Riggs, J., joins in this concurring opinion.Oregon law defines “occupational disease” in part as “any disease or infection arising out of and in the course of employment * * *[,]” ORS 656.802(l)(a), and considers an occupational disease “an injury for employees of employers who have come under this chapter * * *[’]” subject to certain requirements that pertain to occupational disease claims, ORS 656.804. Consequently, the rules that govern whether a worker’s compensation remedy for an injury is an exclusive remedy apply with equal force to an occupational disease.
Article I, section 10, of the Oregon Constitution provides:
“No court shall be secret, hut justice shall be administered, openly and without purchase, completely and without delay, and every man shall have remedy by due course of law for injury done him in his person, property, or reputation.”
In Smothers, this court analyzed Anderson v.
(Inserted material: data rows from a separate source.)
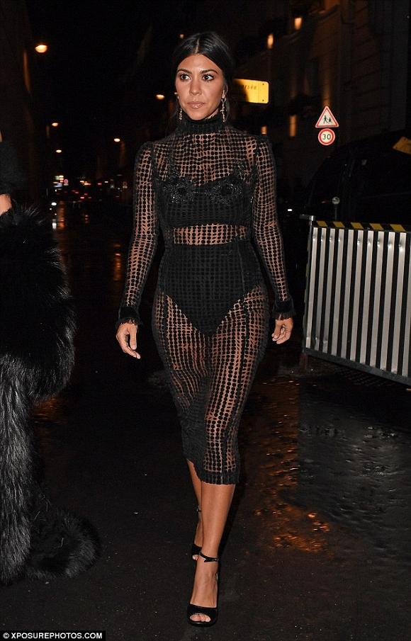 Ngay sau khi xuất hiện tại Tuần lễ thời trang Paris vào tối thứ sáu (30/9) chị em Kim Kardashian đã nhanh chóng thu hút sự chú ý của giới truyền thông. Ngôi sao truyền hình thực tế mặc áo trễ vai mix với quần bó sát và áo khoác lông để lộ vòng eo thọn gọn. Trong khi đó, Kourtney Kardashian lại "vượt mặt" em gái về độ gợi cảm khi mặc áo ren xuyên thấu để lộ nội y.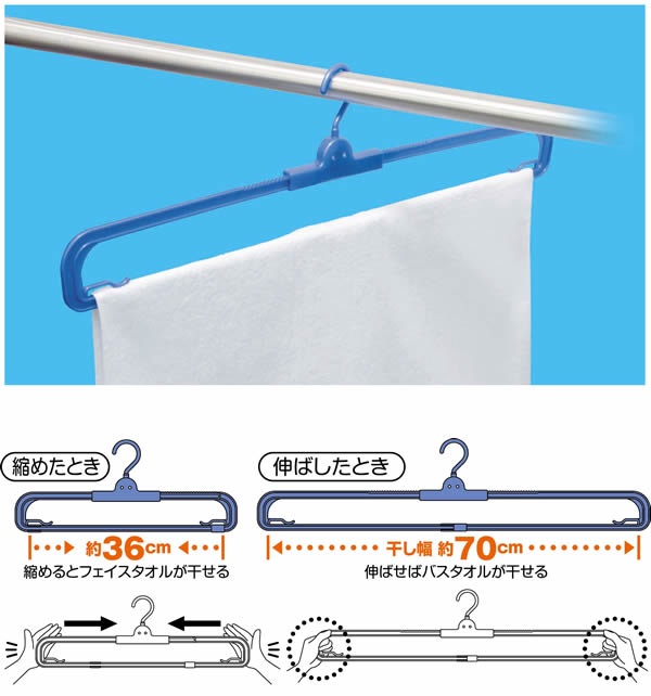 洗濯ハンガー タオルハンガー 伸縮式 バスタオルハンガー タオル バスタオル ハンガー 物干し 洗濯物 スライド式 洗濯用品 洗濯グッズ ランドリーグッズ ランドリー用品 おすすめ オススメ 人気 便利 便利グッズ 使いやすい クリップ付き 回転フック 鴨居 カーテンレール すっきり 干せる laundry bath towel 幅42 幅76 厚み1.5 高さ17 cm センチ 伸ばす 縮む 部屋干し 部屋干し 花粉対策 梅雨対策 浴室乾燥 4901065881251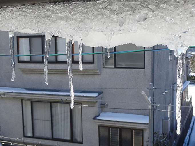 1枚目は、2階のベランダの屋根からぶら下がっているつらら。

Bennett, 16 Or 515, 19 P 765 (1888), in which the plaintiff suffered blindness when his supervisor negligently ordered the plaintiff to drill a hole in some rock, causing an explosion. The court held that the employer was exposed to liability for failure to make reasonable provision for the plaintiffs safety in the workplace. Smothers noted that that rule was a part of the common law in Oregon at the time of the adoption of the state constitution in 1857. Smothers, 332 Or at 131.
Since this court decided Smothers in 2001, the legislature has made no change to the exclusive remedy policy stated in ORS 656.018(7).